Here is a summary of the Basin Outlook Report as of May, 2015 courtesy of NRCS.

This winter brought record low snowfall and abnormally warm temperatures to the American West. Although Montana fared better than many Western states, the water outlook for this summer is bleak.

High elevation spring snowmelt feeds between 50-80% of Montana’s annual water supply. Runoff from melting snow either flows directly into rivers and lakes or percolates into underground aquifers. Groundwater recharges streams when the mountains are dry.

Month after month, Montana outdoor enthusiasts and water users alike hoped that weather patterns would shift, bringing much-needed to snow to the mountains. However, warm and dry conditions persisted. This spring, mountain snowpack peaked 2-3 weeks early throughout the state, with snowmelt occurring at all elevations throughout April.

Conditions vary significantly, even within the same watershed. The Gallatin River Watershed experienced two different winters. Snowfall in the Upper Gallatin was well below average for most of the winter, while the ranges farther north received more snow. As of May 1, snow-water equivalent (SWE) in the Gallatin Basin was 59% of normal.


Data from the Lone Mountain SNOTEL site for the water year to date. Graph shows snow water equivalent and precipitation accumulation as a fraction of average.

This spring, low streamflows will peak ahead of schedule. Precipitation this spring and summer will play a critical role in determining the volume of runoff.

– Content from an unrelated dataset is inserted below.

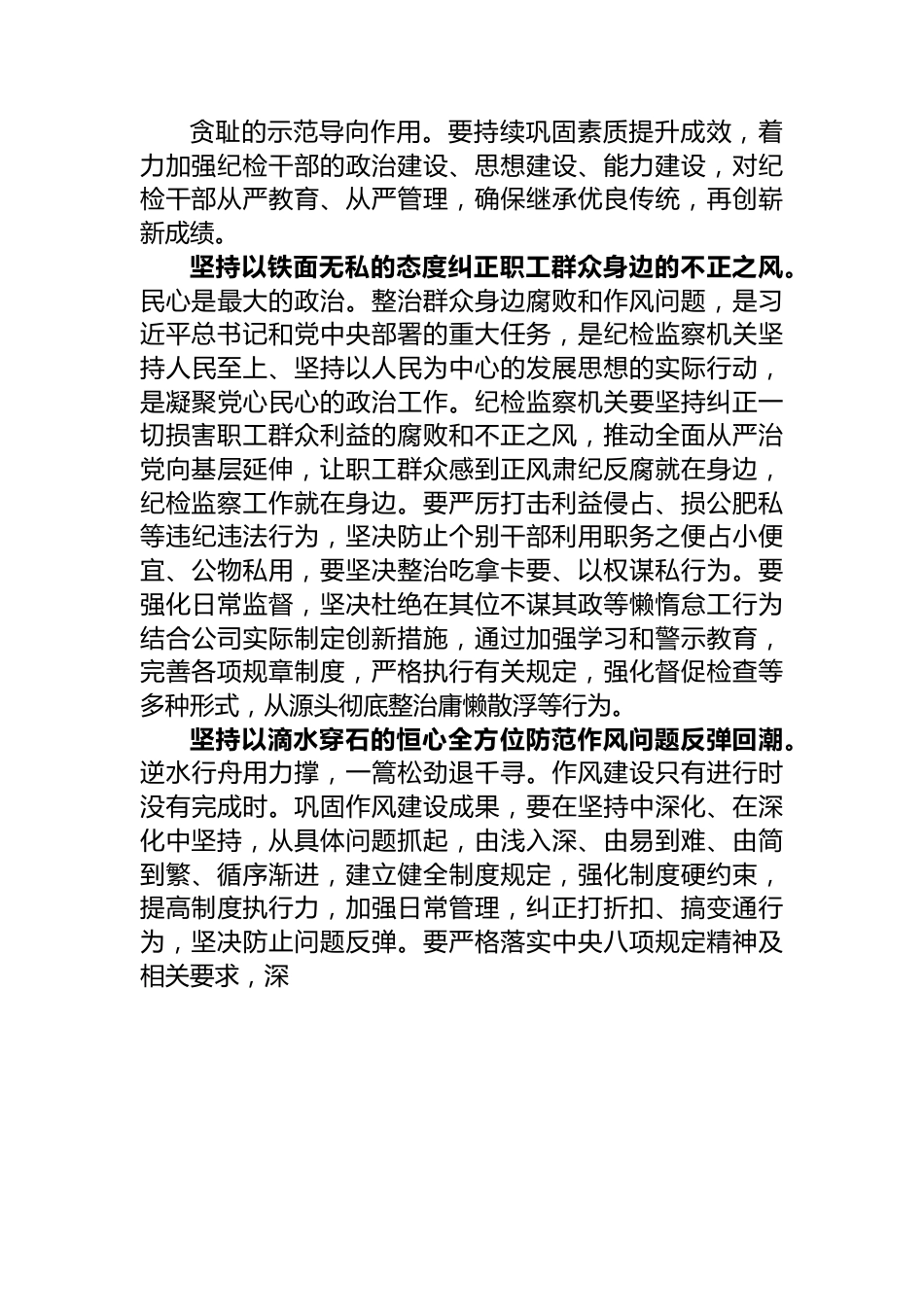 纪检监察干部研讨发言:坚定不移推进全面从严治党为高质量发展提供坚强保障今年是贯彻落实党的二十大精神开局之年,纵深推进全面从严治党、营造风清气正的政治生态至关重要,必须以更高标准、更严要求做好党风廉政建设和反腐败工作,为公司高质量发展奠定坚实基础,以实际行动贯彻落实党的二十大精神。坚持以时不我待的精神推动全面从严治党向纵深发展。“要强化政治监督,确保完整、准确、全面贯彻新发展理念。”习近平总书记在二十届中央纪委二次全会上的重要讲话,是公司各级党员干部的根本遵循、是公司纪委工作的行动指南。政治监督是纪检监察机关的主业,必须立足两个大局,心怀“国之大者”“企之要情”,将“两个维护”作为纪检监察工作的首要任务、根本指向。要持续巩固监督治理成效,坚持以政治监督为统领、各项监督贯通融合,着力构建全面覆盖、权威高效的监督体系,确保公司重大决策部署开展到哪里,政治监督就跟进到哪里。要持续巩固教育整顿成效,盯紧盯牢关键环节,充分运用监督检查、警示教育、执纪问责等手段,精准施策、持续加压。要持续巩固工作创新成效,不断创新工作思路、工作机制,将不利因素变为有利条件,将短板漏洞变为长项优势。要持续巩固文化浸润成效,善于运用现代多媒体手段,西安本地的廉政文化资源,充分发挥廉荣贪耻的示范导向作用。要持续巩固素质提升成效,着力加强纪检干部的政治建设、思想建设、能力建设,对纪检干部从严教育、从严管理,确保继承优良传统,再创崭新成绩。坚持以铁面无私的态度纠正职工群众身边的不正之风。民心是最大的政治。整治群众身边腐败和作风问题,是习近平总书记和党中央部署的重大任务,是纪检监察机关坚持人民至上、坚持以人民为中心的发展思想的实际行动,是凝聚党心民心的政治工作。纪检监察机关要坚持纠正一切损害职工群众利益的腐败和不正之风,推动全面从严治党向基层延伸,让职工群众感到正风肃纪反腐就在身边,纪检监察工作就在身边。要严厉打击利益侵占、损公肥私等违纪违法行为,坚决防止个别干部利用职务之便占小便宜、公物私用,要坚决整治吃拿卡要、以权谋私行为。要强化日常监督,坚决杜绝在其位不谋其政等懒惰怠工行为结合公司实际制定创新措施,通过加强学习和警示教育,完善各项规章制度,严格执行有关规定,强化督促检查等多种形式,从源头彻底整治庸懒散浮等行为。坚持以滴水穿石的恒心全方位防范作风问题反弹回潮。逆水行舟用力撑,一篙松劲退千寻。作风建设只有进行时没有完成时。巩固作风建设成果,要在坚持中深化、在深化中坚持,从具体问题抓起,由浅入深、由易到难、由简到繁、循序渐进,建立健全制度规定,强化制度硬约束,提高制度执行力,加强日常管理,纠正打折扣、搞变通行为,坚决防止问题反弹。要严格落实中央八项规定精神及相关要求,深挖细查“四风”问题隐形变异的种种表现,紧盯关键节点对顶风违纪行为从严查处,对典型案例通报曝光,坚决防止“四风”特别是形式主义、官僚主义问题反弹回潮。要重视新形势下的“文山会海”问题,统筹规范调研督查检查考核工作,严格控制总量和频次,避免多头督查调研,切实给基层“减负”。要持续推动廉洁文化建设,加强党性党风教育,大力弘扬苦干实干等优良作风,密切联系职工群众,培养斗争精神,倡导真抓实干、担当作为。坚持以攻坚克难的勇气加大干部的教育管理监督力度。监督是纪检监察机关基本职责、第一职责,高质量监督才能促进纪检监察工作高质量发展。要把自上而下和自下而上的监督结合起来,用好批评和自我批评武器,破解同级监督难题,抓住“关键少数”、守住重点节点、紧盯薄弱环节,做深做实日常监督,从经常化全方位监督入手,切实把管行为和管思想统一起来,把管工作圈与管社交圈衔接起来把管八小时内与管八小时外贯通起来,让党员干部切身感受到监督常在。要始终坚守监督执纪问责的职能定位,准确把握“四种形态”,积极运用批评教育、约谈函询、诫勉谈话、组织处理、纪律处分等方式开展执纪问责,对违纪行为发现一起查处一起,让那些想搞违纪的人断了念头、搞了违纪的人付出代价。要以纪律为尺子,在线索处置、纪律审查、...

When compared to snow, the amount of rain Montana has received this water-year-to-date has been closer to normal.

The water forecast for this summer reflects the lack of snowfall this winter. Scientists use precipitation, temperature, soil moisture, and historical streamflow data to calculate the future water supply. As of May 1, streamflow in the Upper Gallatin at Gallatin Gateway was predicted to be 65% of average and 60% of last year.

Every rain cloud has its silver lining. Reservoir storage in Montana is well above average. Carryover storage from last year will augment low snowfall this winter. Hopefully, spring rainfall and carryover storage from 2014 will carry us through what is predicted to be a hot and dry summer.